From the ski slopes to the tennis court COVID’s shadow lurks

Ski ace Mikaela Shiffrin and tennis star Andrey Rublev tested positive for COVID-19 just weeks from the Winter Olympics and Australian Open respectively as global sport once again felt the chill wind of the coronavirus.

Two-time Olympic gold medalist Shiffrin will miss this week’s World Cup races in Lienz — but with a lead in the overall standings of over 100 points she can probably afford to.

Rublev, though, is more inconvenienced with the first Grand Slam of the season the Australian Open beginning in Melbourne on Jan. 17.

“I have to recover and I will go to Melbourne only when I am certain it is safe for everyone,” tweeted Rublev on Monday.

The world number five, as well as former world number one Rafael Nadal, Wimbledon semi-finalist Denis Shapovalov and U.S. Open champion Emma Raducanu, may well regret accepting the money to play in the exhibition tournament in Abu Dhabi earlier this month.

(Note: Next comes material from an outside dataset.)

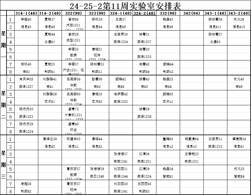 【实验教学】24-25-2第11周实验室安排表

The quartet, along with Wimbledon women’s quarter-finalist Ons Jabeur and Olympic champion Belinda Bencic, all tested positive. Raducanu did not even play as she tested positive before the tournament, as did Nadal’s coach Carlos Moya.

The debate still rages on whether the English Premier League were correct to insist the show must go on over Christmas rather than call a halt.

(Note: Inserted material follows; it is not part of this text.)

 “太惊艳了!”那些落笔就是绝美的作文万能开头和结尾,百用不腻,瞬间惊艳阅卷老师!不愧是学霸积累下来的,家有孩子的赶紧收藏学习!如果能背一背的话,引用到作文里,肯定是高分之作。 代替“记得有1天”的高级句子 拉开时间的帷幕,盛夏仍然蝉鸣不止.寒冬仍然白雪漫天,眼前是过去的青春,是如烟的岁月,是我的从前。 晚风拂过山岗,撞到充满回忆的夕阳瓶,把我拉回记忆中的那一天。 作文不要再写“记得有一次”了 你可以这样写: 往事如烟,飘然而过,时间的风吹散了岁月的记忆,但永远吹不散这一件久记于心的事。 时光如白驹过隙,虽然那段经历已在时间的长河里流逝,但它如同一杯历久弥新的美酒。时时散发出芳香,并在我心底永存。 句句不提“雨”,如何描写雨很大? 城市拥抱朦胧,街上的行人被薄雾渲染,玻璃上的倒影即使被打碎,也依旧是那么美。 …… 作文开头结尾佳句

Three Boxing Day matches were called off and two due to be played on Tuesday have already been postponed.

The situation has raised Chelsea manager Thomas Tuchel’s hackles — not least because his club’s appeal to have the game on Dec. 19 with Wolves called off was rejected.

“It’s not fair,” said Tuchel after his side beat Aston Villa 3-1 on Sunday.

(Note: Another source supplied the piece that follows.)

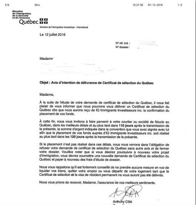 2015年3月份 向魁省移民局递交移民申请

“We’ve all been in bed for 10 days and we play against teams who prepare with games postponed, and who prepare with one week for these matches.

“They make us play all the time, even if we have COVID.

“We have new injuries and it won’t stop. People at the green table, in offices, make these decisions.”

‘This cannot be the right way’

Unlike the English leagues, Scottish Premiership clubs had leeway and brought forward by a week their three week winter break.

The decision had a financial angle: Scotland’s government had brought in measures beginning on Boxing Day that restricted attendances to 500 spectators.

Shiffrin’s rivals won’t even have that number watching in Lienz as the Austrian Ski Federation deemed it necessary to bar spectators.

“We are conscious of our responsibility,” said Roswitha Stadlober, president of the Austrian Ski Federation.

Little has gone right for the England cricket team in Australia with their chances of regaining the Ashes all but gone.

Things grew worse as four members of the touring party — two support staff and two family members — tested positive for coronavirus hours before the start of day two in the third Test in Melbourne.

The squad are nervously awaiting results of PCR tests.

“We’ve just stepped up safety protocols around the dressing room, wearing masks and keeping distance where possible,” said England pace bowler Jimmy Anderson.

The coronavirus has already cost National Hockey League players the chance to go to the Winter Olympics. They accepted last week that the league could not make up the backlog of lost games.

The situation has become so serious that the NHL have authorized teams to use taxi squads — six-player reserve groups — to bolster their rosters.

Such squads were used last season in response to the pandemic’s impact on the league.

French rugby’s Top 14 bosses have not had to go that far, but the majority of their fixtures on Sunday and Monday were called off.

That will place increasing pressure on the calendar as seven European matches involving French clubs were postponed from the weekend before.

The only free weekends are those set aside for the Six Nations.

They, like other leagues, might echo Tuchel’s words by season’s end.

“It’s like it is — but this cannot be the right way,” said Tuchel.